------ GIVEN INFORMATION

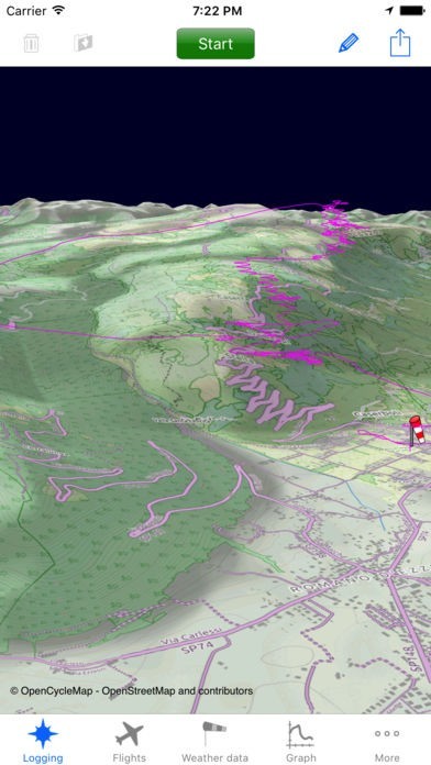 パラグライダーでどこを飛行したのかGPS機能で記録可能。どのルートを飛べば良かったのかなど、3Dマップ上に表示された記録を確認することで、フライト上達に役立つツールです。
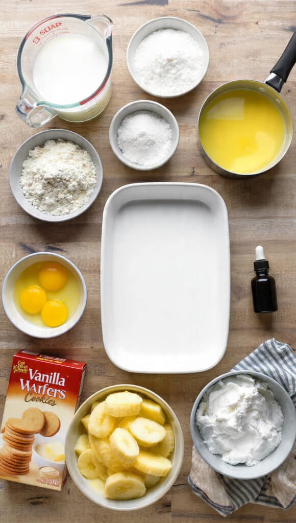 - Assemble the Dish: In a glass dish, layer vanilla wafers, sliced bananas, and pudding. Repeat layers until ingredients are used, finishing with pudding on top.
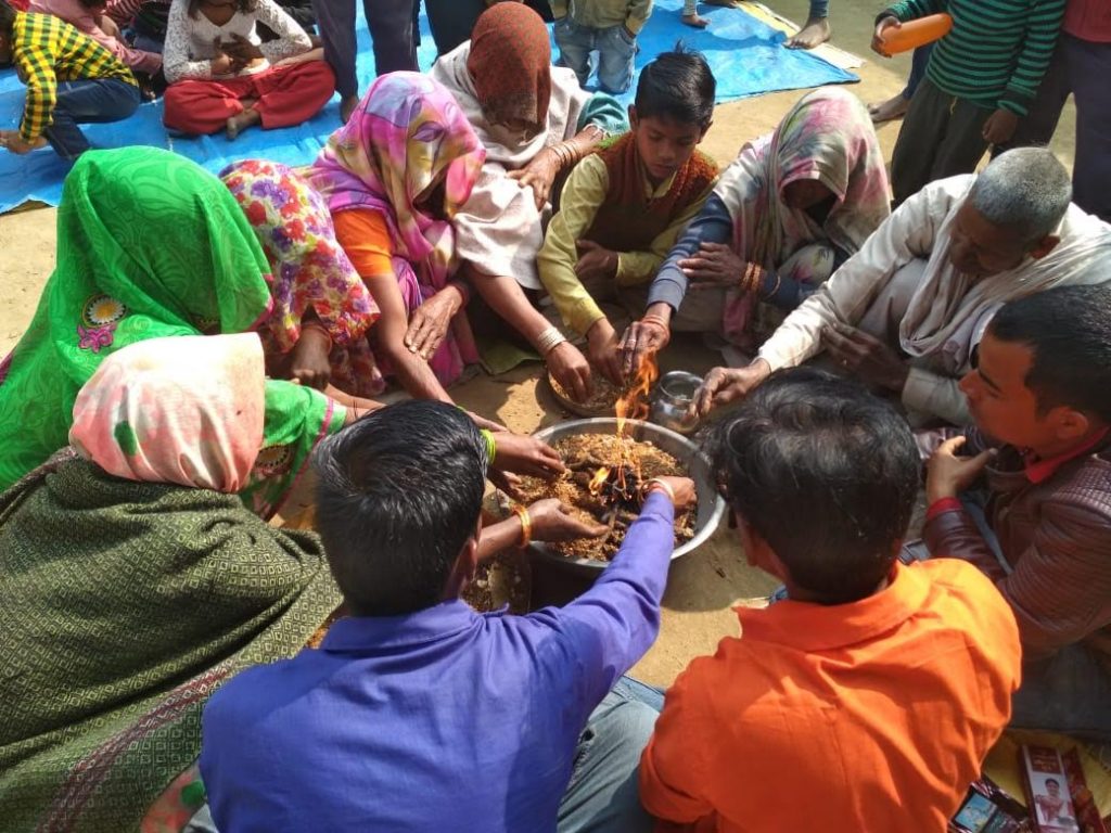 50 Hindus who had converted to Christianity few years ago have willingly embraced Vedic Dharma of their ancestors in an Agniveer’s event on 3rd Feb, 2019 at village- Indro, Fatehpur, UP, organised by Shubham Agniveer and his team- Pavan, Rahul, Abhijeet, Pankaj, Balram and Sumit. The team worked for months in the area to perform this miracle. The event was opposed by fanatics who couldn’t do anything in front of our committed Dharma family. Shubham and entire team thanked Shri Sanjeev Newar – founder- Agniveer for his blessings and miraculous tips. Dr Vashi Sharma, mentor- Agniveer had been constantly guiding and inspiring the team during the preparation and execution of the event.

------------

__EXERCISE AIM__: With the images excluded, reproduce the data above precisely as written.

__YOUR RESPONSE__:
 パラグライダーでどこを飛行したのかGPS機能で記録可能。どのルートを飛べば良かったのかなど、3Dマップ上に表示された記録を確認することで、フライト上達に役立つツールです。
 - Assemble the Dish: In a glass dish, layer vanilla wafers, sliced bananas, and pudding. Repeat layers until ingredients are used, finishing with pudding on top.
 50 Hindus who had converted to Christianity few years ago have willingly embraced Vedic Dharma of their ancestors in an Agniveer’s event on 3rd Feb, 2019 at village- Indro, Fatehpur, UP, organised by Shubham Agniveer and his team- Pavan, Rahul, Abhijeet, Pankaj, Balram and Sumit. The team worked for months in the area to perform this miracle. The event was opposed by fanatics who couldn’t do anything in front of our committed Dharma family. Shubham and entire team thanked Shri Sanjeev Newar – founder- Agniveer for his blessings and miraculous tips. Dr Vashi Sharma, mentor- Agniveer had been constantly guiding and inspiring the team during the preparation and execution of the event.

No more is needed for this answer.